→ EXERCISE AIM: Your response should contain every line from the data below that holds the string "Antitumor".

→ GIVEN DATA:
>>>>>

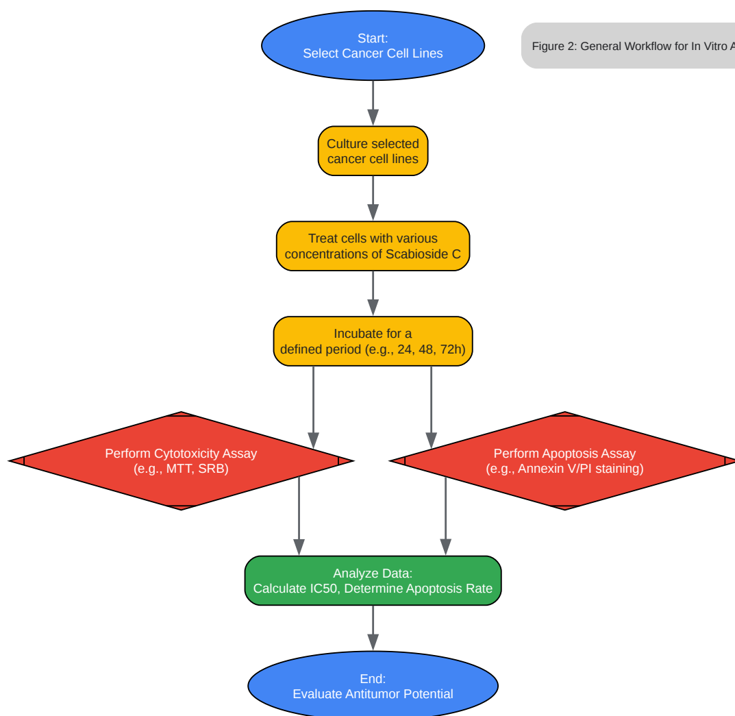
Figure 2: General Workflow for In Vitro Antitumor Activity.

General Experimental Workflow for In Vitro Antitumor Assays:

<<<<<
>>>>>

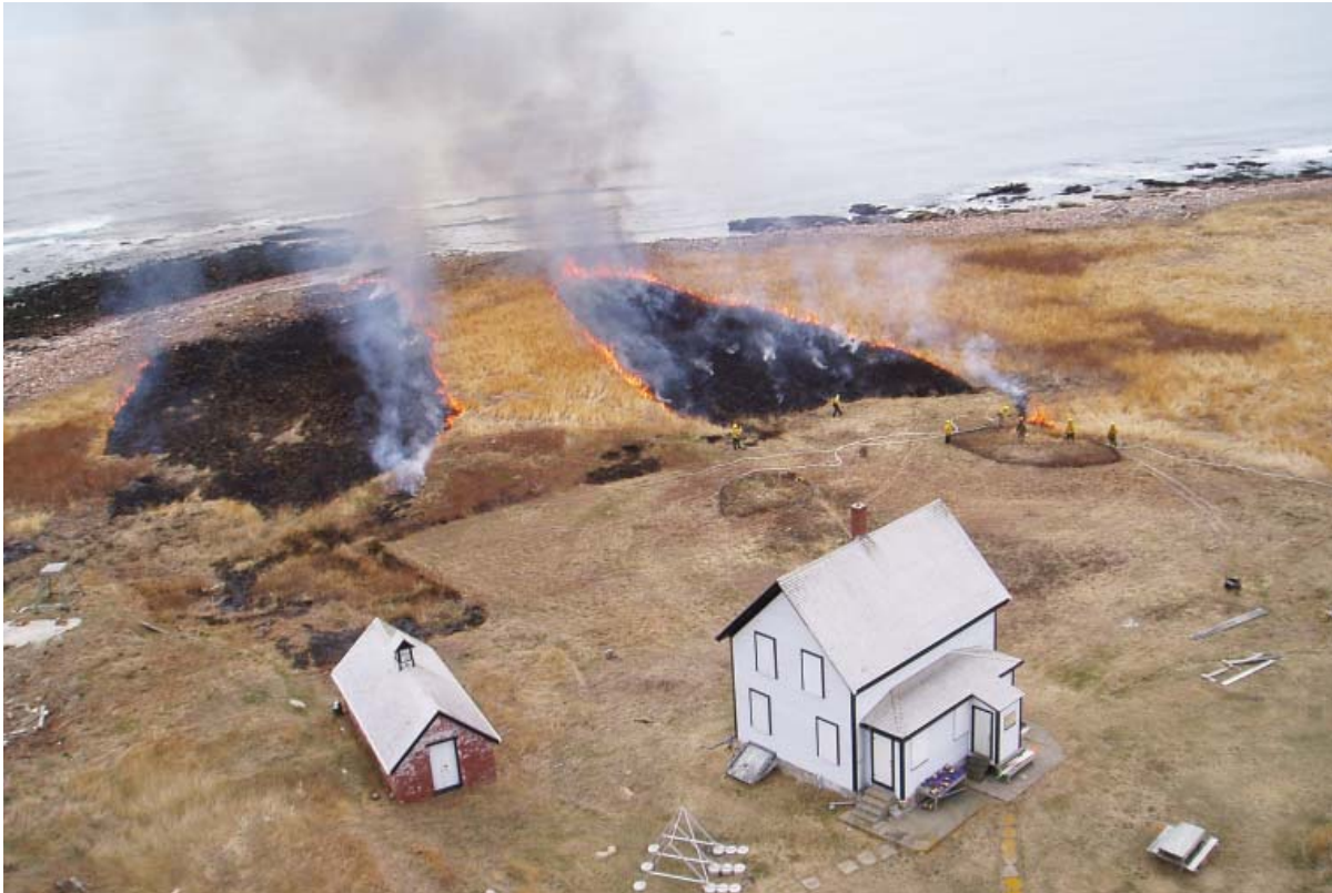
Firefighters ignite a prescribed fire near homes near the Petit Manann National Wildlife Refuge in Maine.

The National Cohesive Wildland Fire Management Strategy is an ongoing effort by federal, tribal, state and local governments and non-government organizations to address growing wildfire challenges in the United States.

<<<<<

→ ANSWER TO THE PROBLEM:
Figure 2: General Workflow for In Vitro Antitumor Activity.
General Experimental Workflow for In Vitro Antitumor Assays:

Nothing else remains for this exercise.